§ **Data**:
______

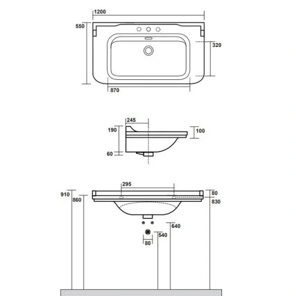 Раковина Kerasan Waldorf 120 см c 3 отверстиями под смеситель 4144K1bi/cr*3
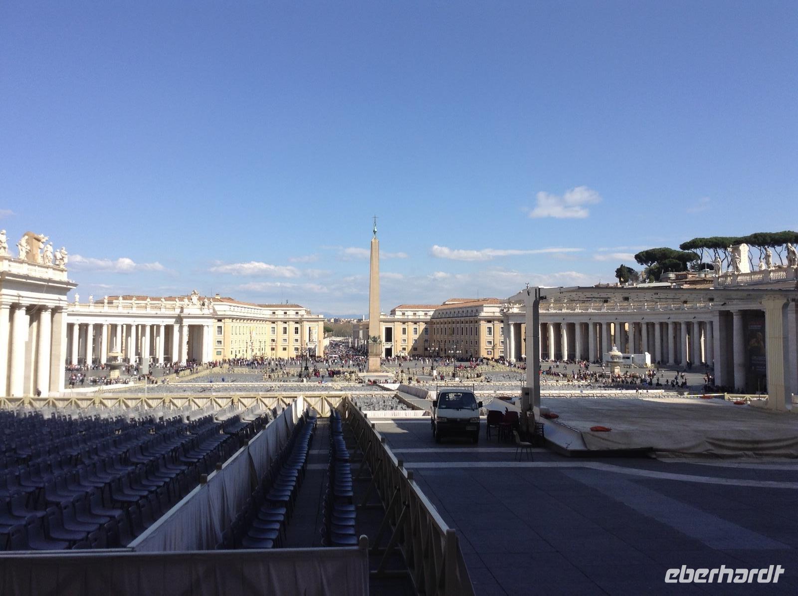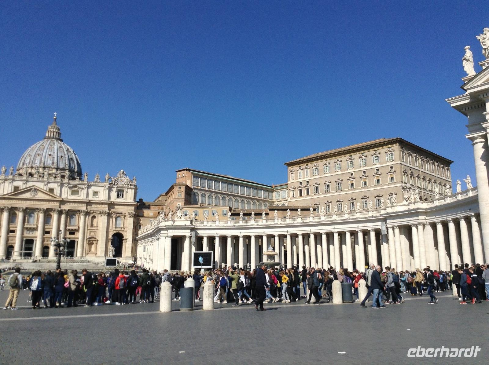 Es war Mittwoch Morgen und auf unserem Weg zum Vatikan erlebten wir, wie voll die Metro sein kann an einem Tag, wo Papstaudienz am Petersplatz ist. Der Umstieg am "Termini" (Hauptbahnhof) und die Weiterfahrt waren eine echte Herausforderung für eine Gruppe von 30 Personen. Aber wir haben diese Herausforderung zusammen gut gemeistert.
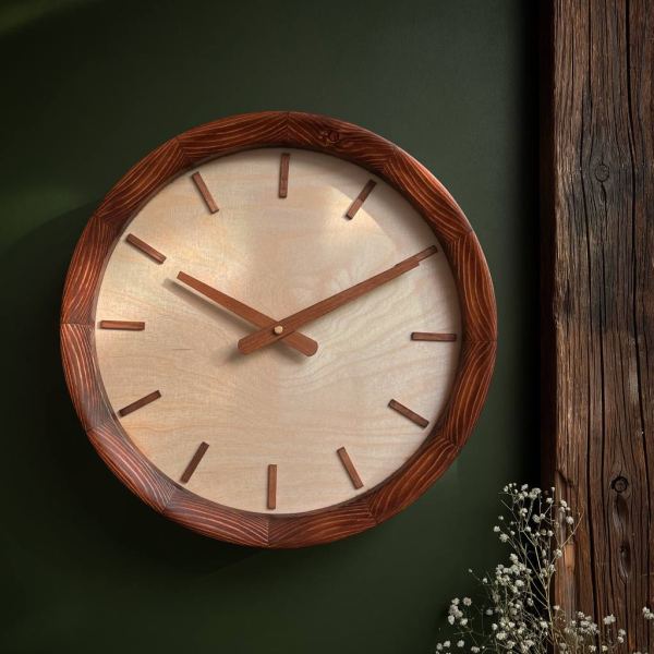 دست ساز ساخت شده با چوب طبیعی، تمام اجزا حتی عقربه ها از جنس چوب با کیفیت ساخت بالا، طراحی کاملا خاص و منحصربفرد، دارای موتور آرام گرد و بدون صدای تایوانی
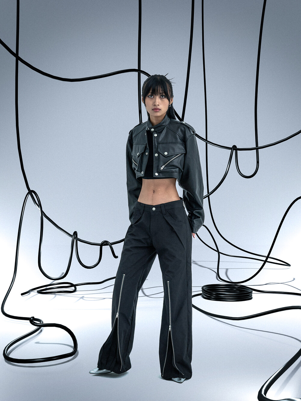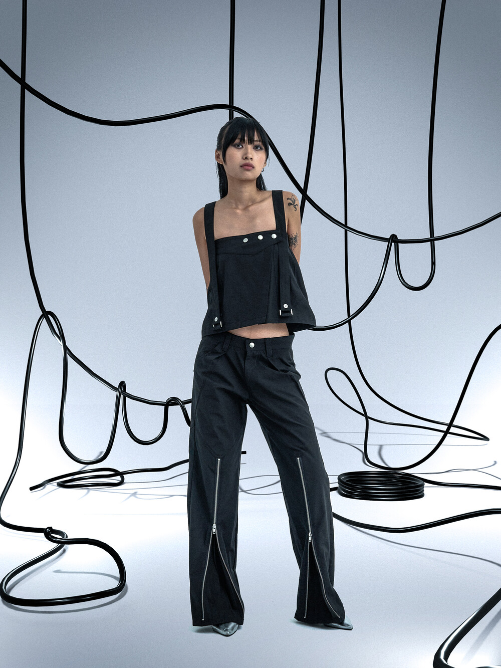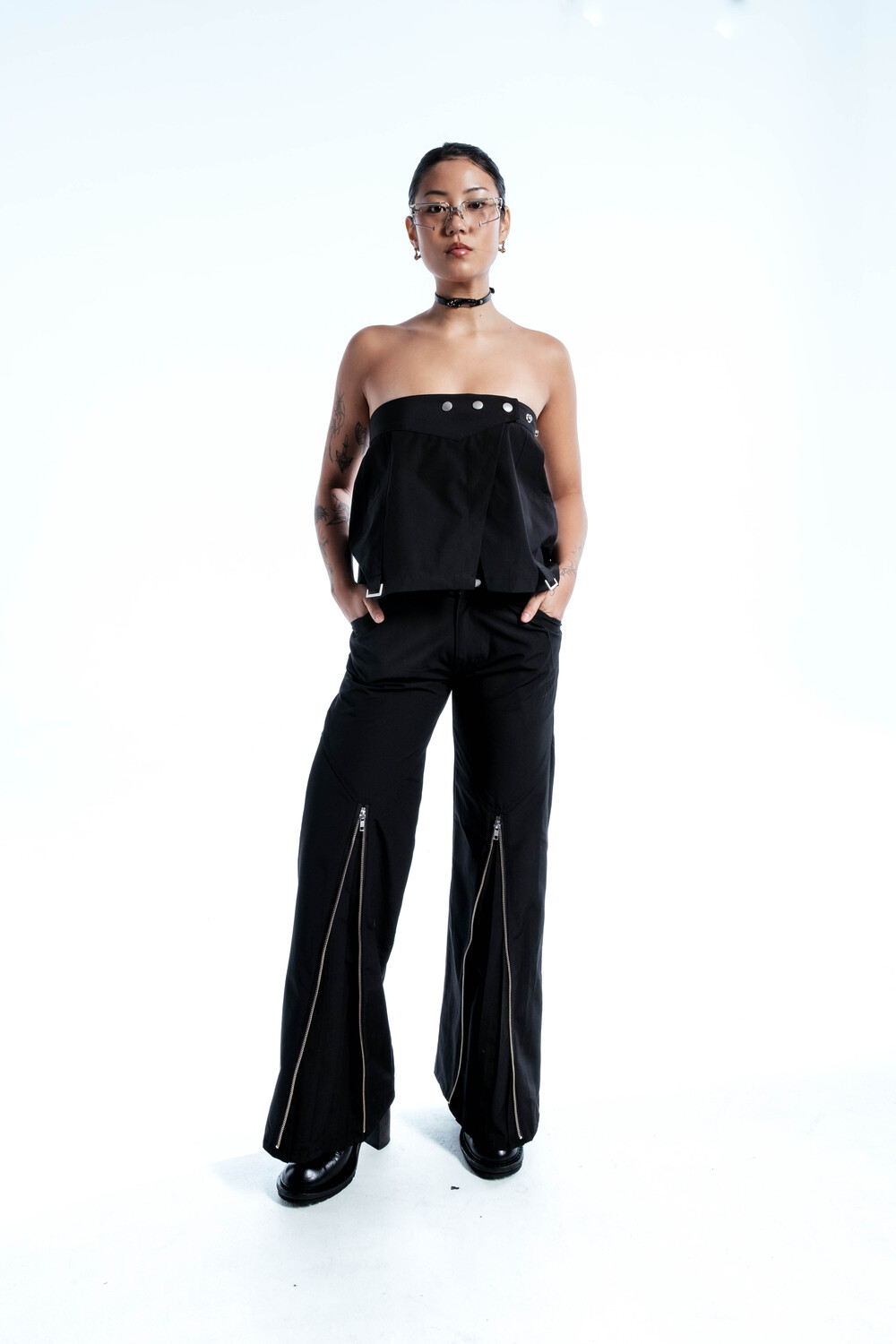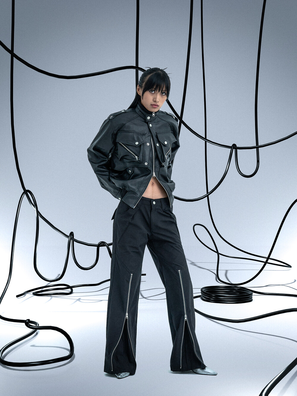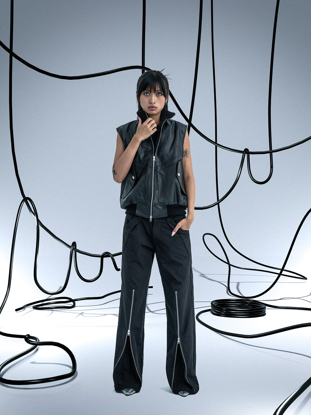 Ghost In The Shell Zip Pleat Pants (Black)

______

Please output all of the data exactly as given, omitting any images it holds.

 Раковина Kerasan Waldorf 120 см c 3 отверстиями под смеситель 4144K1bi/cr*3
 Es war Mittwoch Morgen und auf unserem Weg zum Vatikan erlebten wir, wie voll die Metro sein kann an einem Tag, wo Papstaudienz am Petersplatz ist. Der Umstieg am "Termini" (Hauptbahnhof) und die Weiterfahrt waren eine echte Herausforderung für eine Gruppe von 30 Personen. Aber wir haben diese Herausforderung zusammen gut gemeistert.
 دست ساز ساخت شده با چوب طبیعی، تمام اجزا حتی عقربه ها از جنس چوب با کیفیت ساخت بالا، طراحی کاملا خاص و منحصربفرد، دارای موتور آرام گرد و بدون صدای تایوانی
 Ghost In The Shell Zip Pleat Pants (Black)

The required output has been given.